After the December shoot, Sason took a Christmas vacation in Malaysia with his lingerie-model girlfriend, Rachel Marie Thomas. He checked on the renovation of his Tribeca penthouse. And he hit a recording studio in London to help mix an album by an Israeli actress and singer he’s signed for his company, Magna, which he describes as a global investment firm.
Six years ago, Sason was living in his parents’ house on Long Island, doing clerical work for a debt-collection law firm and dreaming of becoming a pop star. Then a family friend showed him a trick that seems to have earned him millions in the stock market. He won’t say exactly what he does or how much he’s made, but regulatory filings by dozens of companies show that Magna has invested more than $200 million since 2012.
Sason, who has full sleeves of tattoos he covers with tailored three-piece suits, calls himself a self-taught value investor. He has about 30 employees in trading, venture capital, music, and film. “I’m not going to give away the details of how we do what we do,” he says in a January interview at his 16th-floor office in Manhattan’s financial district. “We create businesses, and we invest.”
Actually, it’s a little more complicated than that. What Sason discovered is a way to get shares in desperate and broke companies at big discounts by lending them money. Magna has done deals with at least 80 companies. Of those, the stocks of 71 have gone down since the investment. He can still turn a profit, because the terms of the deals allow him to turn debt into equity at a fixed discount. No matter where the stock is trading, he gets it for less.

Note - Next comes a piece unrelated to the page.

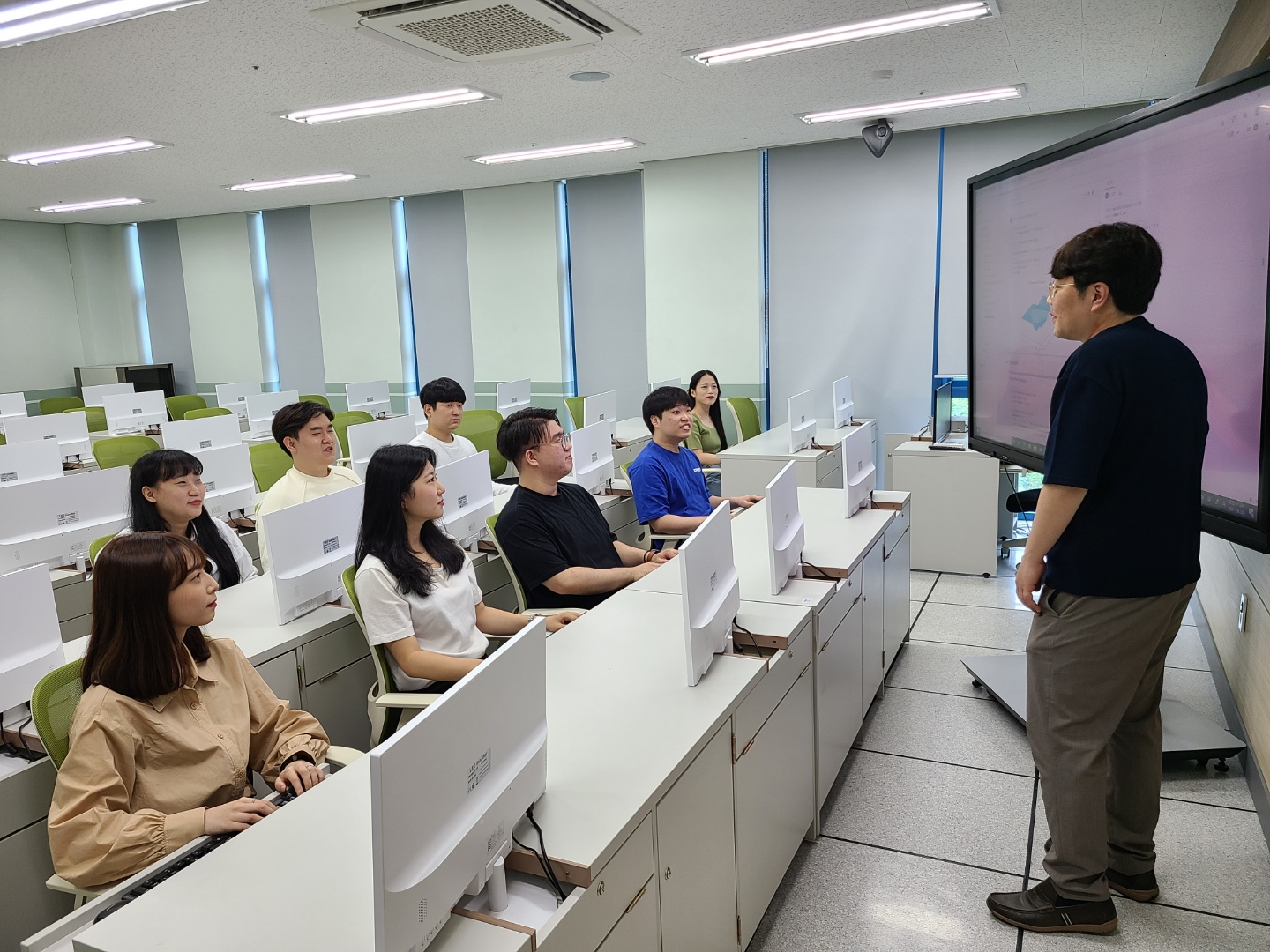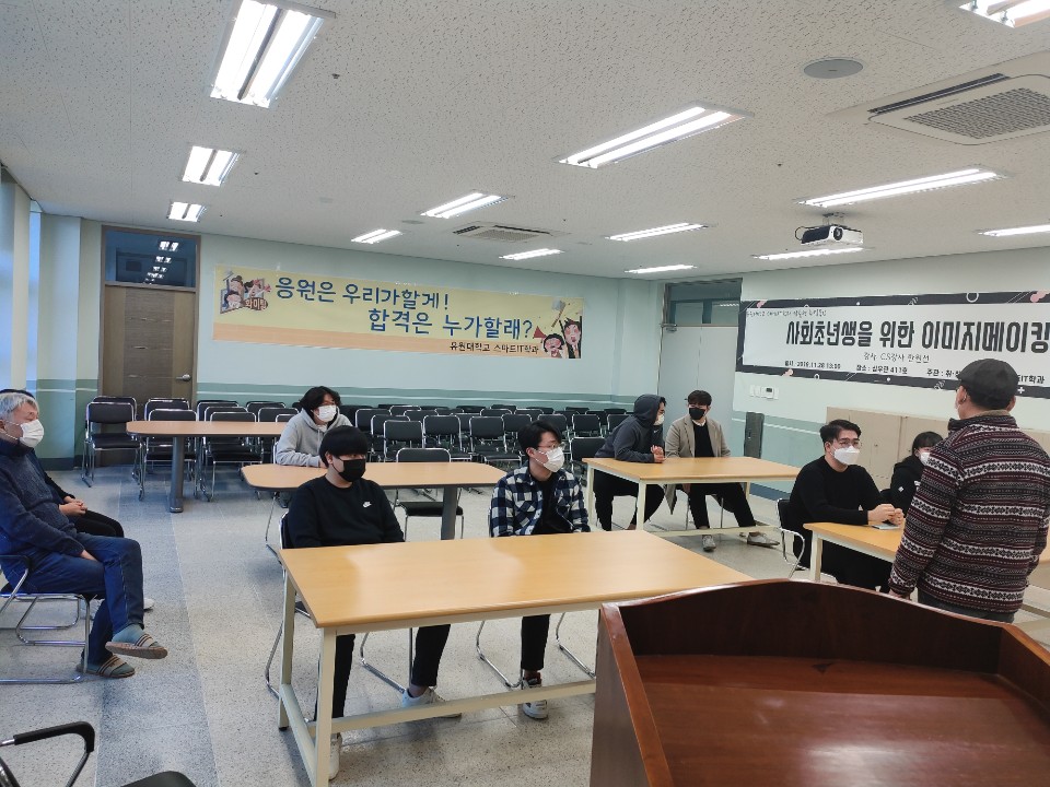 학과 홍보동영상 촬영 및 인터뷰 ⊙ 홍보촬영 지도를 위한 참여교수 : 김재홍, 김문정, 박충식 ⊙ 홍보촬영 참여 학생 : 3학년(김유근, 이민우, 허성우, 권하은) 4학년(오준근, 김기환, 김호준) ⊙ 인터뷰 학생 : 김유근, 권하은, 이민우 ⊙ 인터뷰 내용(학과 장점, 커리큘럼, 취업준비등) 1. 본인소개 2. 학과소개 3. 진학하게된 계기 4. 프로그래밍 학원은 필수인가? 5. 소프트웨어학과와 공학과의 차이는? 6. 컴퓨터 추천 OR 노트북 추천 7. 진로는 어디로 나가요? 8. 컴퓨터 고쳐달라. 컴퓨터 추천해달라 이런말 많이 듣나요? 9. 학교에서 게임도 하나요? 10. 개발해보고 싶은 프로그램은? 11. 미래의 후배들에게

Magna functions as a pawnshop for penny stocks—shares of obscure ventures that change hands far from the rules of the New York Stock Exchange. His customers have included a would-be Chilean copper miner, an inventor of thought-controlled phones, and at least two executives later busted for fraud. They come to Sason to trade a lot of their stock for a little bit of money. Often they’re aware the deal is likely to be bad for their shareholders.
If the share price goes lower before Magna can unload its investment, the companies have to give up even more stock, all but eliminating the risk for Sason. Critics call it “death-spiral financing” because it drives stocks into the ground. Others in the field say they sometimes make double, triple, or even 10 times their investment in just a few months.
The business is legal, but the loopholes in securities law it exploits are too sketchy for most of the Ivy League types at banks and hedge funds. At least six other lenders of last resort to penny-stock companies have been sued by the Securities and Exchange Commission for breaking the rules around dumping shares or other violations. One was arrested by the FBI. It’s worked out better for Sason, who hasn’t had any issues with the authorities. He’s using death-spiral profits to diversify Magna and turn himself into an entertainment mogul.